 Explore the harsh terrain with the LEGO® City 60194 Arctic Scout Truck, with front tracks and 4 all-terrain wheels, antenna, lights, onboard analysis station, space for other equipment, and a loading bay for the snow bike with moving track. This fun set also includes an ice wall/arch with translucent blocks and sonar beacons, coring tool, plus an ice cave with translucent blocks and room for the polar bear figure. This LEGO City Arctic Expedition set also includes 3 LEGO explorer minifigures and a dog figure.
==
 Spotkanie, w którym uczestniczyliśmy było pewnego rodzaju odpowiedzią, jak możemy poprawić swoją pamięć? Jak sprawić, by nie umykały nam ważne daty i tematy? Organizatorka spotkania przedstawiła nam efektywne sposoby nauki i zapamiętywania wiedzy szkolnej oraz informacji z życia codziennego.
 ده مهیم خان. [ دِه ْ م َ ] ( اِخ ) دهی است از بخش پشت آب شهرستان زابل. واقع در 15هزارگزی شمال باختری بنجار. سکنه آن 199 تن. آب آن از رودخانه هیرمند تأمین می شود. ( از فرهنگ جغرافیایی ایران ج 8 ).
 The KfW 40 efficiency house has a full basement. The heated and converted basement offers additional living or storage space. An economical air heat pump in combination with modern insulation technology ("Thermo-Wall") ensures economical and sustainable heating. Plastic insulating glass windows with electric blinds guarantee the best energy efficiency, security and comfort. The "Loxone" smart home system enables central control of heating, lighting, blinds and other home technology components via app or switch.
...
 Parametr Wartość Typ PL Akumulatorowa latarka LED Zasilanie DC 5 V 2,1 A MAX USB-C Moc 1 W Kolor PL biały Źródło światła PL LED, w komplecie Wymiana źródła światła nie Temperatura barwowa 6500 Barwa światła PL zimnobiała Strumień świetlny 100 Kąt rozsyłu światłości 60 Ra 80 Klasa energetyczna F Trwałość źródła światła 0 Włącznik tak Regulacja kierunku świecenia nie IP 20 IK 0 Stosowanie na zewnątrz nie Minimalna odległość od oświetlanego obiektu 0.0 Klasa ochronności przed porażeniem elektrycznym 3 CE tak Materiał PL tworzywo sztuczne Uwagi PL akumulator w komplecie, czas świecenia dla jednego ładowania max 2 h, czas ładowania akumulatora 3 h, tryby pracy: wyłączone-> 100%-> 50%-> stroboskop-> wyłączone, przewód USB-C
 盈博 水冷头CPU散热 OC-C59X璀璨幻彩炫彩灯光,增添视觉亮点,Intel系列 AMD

EXERCISE GOAL ->
Your answer should consist of the lines from the line with "ده مهیم خان." to the line with "The KfW 40 efficiency" above, repeated exactly, both ends included.

SOLVED EXERCISE ->
 ده مهیم خان. [ دِه ْ م َ ] ( اِخ ) دهی است از بخش پشت آب شهرستان زابل. واقع در 15هزارگزی شمال باختری بنجار. سکنه آن 199 تن. آب آن از رودخانه هیرمند تأمین می شود. ( از فرهنگ جغرافیایی ایران ج 8 ).
 The KfW 40 efficiency house has a full basement. The heated and converted basement offers additional living or storage space. An economical air heat pump in combination with modern insulation technology ("Thermo-Wall") ensures economical and sustainable heating. Plastic insulating glass windows with electric blinds guarantee the best energy efficiency, security and comfort. The "Loxone" smart home system enables central control of heating, lighting, blinds and other home technology components via app or switch.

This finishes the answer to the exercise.